Healthcare is a rapidly changing field with new technologies arising every day. However, one thing that has remained steadfast through the years is HIPAA compliance and its necessary requirements for data security. This blog will examine how AWS can be used to set up your own secure cloud for healthcare applications without having any special knowledge of encryption or networking!

What is HIPAA?

HIPAA is the Health Insurance Portability and Accountability Act of 1996, which regulates how patient data is transmitted electronically. For a more in-depth look at HIPAA’s requirements and specifics, check out the US Department of Health and Human Services’ website detailing what it entails.

HIPAA Compliance

Why you should be concerned?

It only takes one employee to click the wrong thing in Gmail or send an unprotected email for privacy violation to happen. If you have a lot of data, it can cost thousands of dollars just to be able to sift through your emails looking for that patient’s records. And if you don’t do it yourself, you will probably have employees who aren’t trained to be HIPAA compliant to do it. This creates an avenue for your patients’ sensitive data to go missing, not to mention the liability that comes with losing their information.

Concerned man

What Amazon can do?

Amazon Web Services (AWS) offers a whole host of storage and computing services that are specifically designed for use by cloud-based applications. These services encompass everything from databases to content delivery and everything in between. With AWS, you can build HIPAA-compliant applications with relative ease by following a few best practices which we’ll go into more detail below.

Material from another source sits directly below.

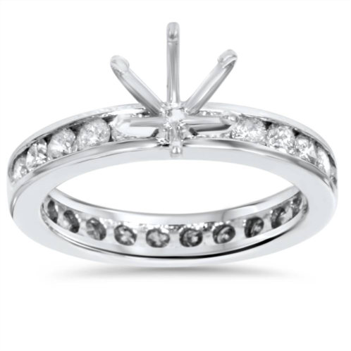 This popular eternity semi mount engagement ring features round brilliant cut natural diamonds that encircle the entire ring. All diamonds are channel set in solid 14k white gold. We can supply a setting for round or square stones up to 1ct. Larger shapes and sizes are available, email us for a quote. All finger sizes contain at least 1 1/2ct total diamond weight.

How Amazon’s Services can be combined?

Amazon Web Services (AWS) can be easily integrated with other services that tie two or more of their services together. For instance, you can build an S3 bucket, which is a storage solution for objects (in the case of HIPAA, files containing patient information), and then use a Lambda function to encrypt those files before they are stored. The encryption key could be passed in as a parameter, and you can ensure that each file gets encrypted with its own unique key!

How to use this Blog?

This post is not meant to be an exhaustive guide on all the things you can do with AWS. However, it will give you enough information so you can get started and begin building your own applications! To that end, the rest of this article will cover some of AWS’s core features, services and how they work with each other, and how to implement them without having to be a networking wizard.

Protect Your Data with AWS

1. Secure Third-Party Data Storage

First, it is a best practice to store sensitive data such as PHI in encrypted form both at rest and while in transit. AWS CloudHSM helps organizations to add cryptographic keys and certificates to their applications that they can use for encrypting or decrypting data on the fly. This makes sure that all sensitive data is encrypted before it leaves the organization’s perimeter.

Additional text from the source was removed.